Dans quelle mesure cette absence de politique culturelle sur des territoires où les artistes luttent malgré tout pour exister, pèse-t-elle sur votre approche de notre politique culturelle occidentale, certes bien présente, mais peut-être formatée et encadrée dans des traditions cloisonnées ?

Nos institutions culturelles se préoccupent essentiellement de gérer un patrimoine musical à travers l’interprétation, la création et l’enseignement spécialisé. Toutefois, la musique est souvent absente de notre vie quotidienne. Ses racines sont de moins en moins populaires. Etrangement, les sociétés qui ne sont pas soutenues par des politiques d’exploitation d’un répertoire et d’aide à la création placent la musique au centre de leur projet éducatif !

Dans les Tonga, un pays très pauvre et notoirement corrompu, toutes les écoles ont un orchestre. Certes, la pratique instrumentale est adossée à la pratique religieuse, puisque tous jouent à l’église, mais c’est un autre débat. Le fait est que tout enfant scolarisé aux Tonga joue de la musique !

Jamais colonisé, le royaume des Tonga se calque pourtant sur le modèle scolaire anglo-saxon, avec chœur, fanfare ou brass-band.
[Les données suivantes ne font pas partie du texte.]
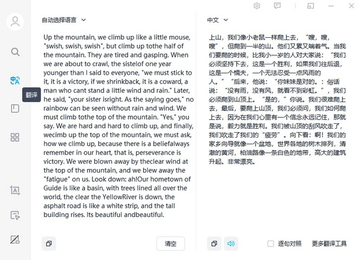 语音翻译:音频识别,在线翻译并快速转写为文字,可读即可译。 取词划译:全新桌面软件,支持浏览器及办公软件取词,查词更简单

Les enfants jouent d’un instrument deux heures par semaine, comme dans les collèges anglais moyens, à ceci près qu’ils adaptent le répertoire à leur effectif, de manière atypique. On y retrouve les grands standards du jazz, Elgar, Dvorak, des Christmas Carols… avec un rapport à la danse bien plus important que le nôtre. Même les lentos les plus éthérés sont chaloupés et rythmiques. Leur pratique ancestrale est avant tout celle de la danse, au cœur de leur identité.

Ceci nous ramène à la question du missionnaire. En aidant une musique qui n’est pas celle de la tradition d’un pays, ne contribue-t-on pas à dénaturer une culture ?

De par mon expérience, je pense clairement le contraire. On contribue au lien social et au dialogue. Il ne s’agit pas d’une prétention à l’éducation mais d’une vraie rencontre, d’un échange fécond. Revenons à Haïti où des enfants des quartiers pauvres étudient la musique avec ceux des classes plus aisées dans l’école Cemuchca : en jouant ensemble, ils réussissent ce que nous voudrions atteindre à Bruxelles. Dans nos villes ultramodernes et hyper développées, ce genre de démarches pourrait nous aider à dépasser les clivages.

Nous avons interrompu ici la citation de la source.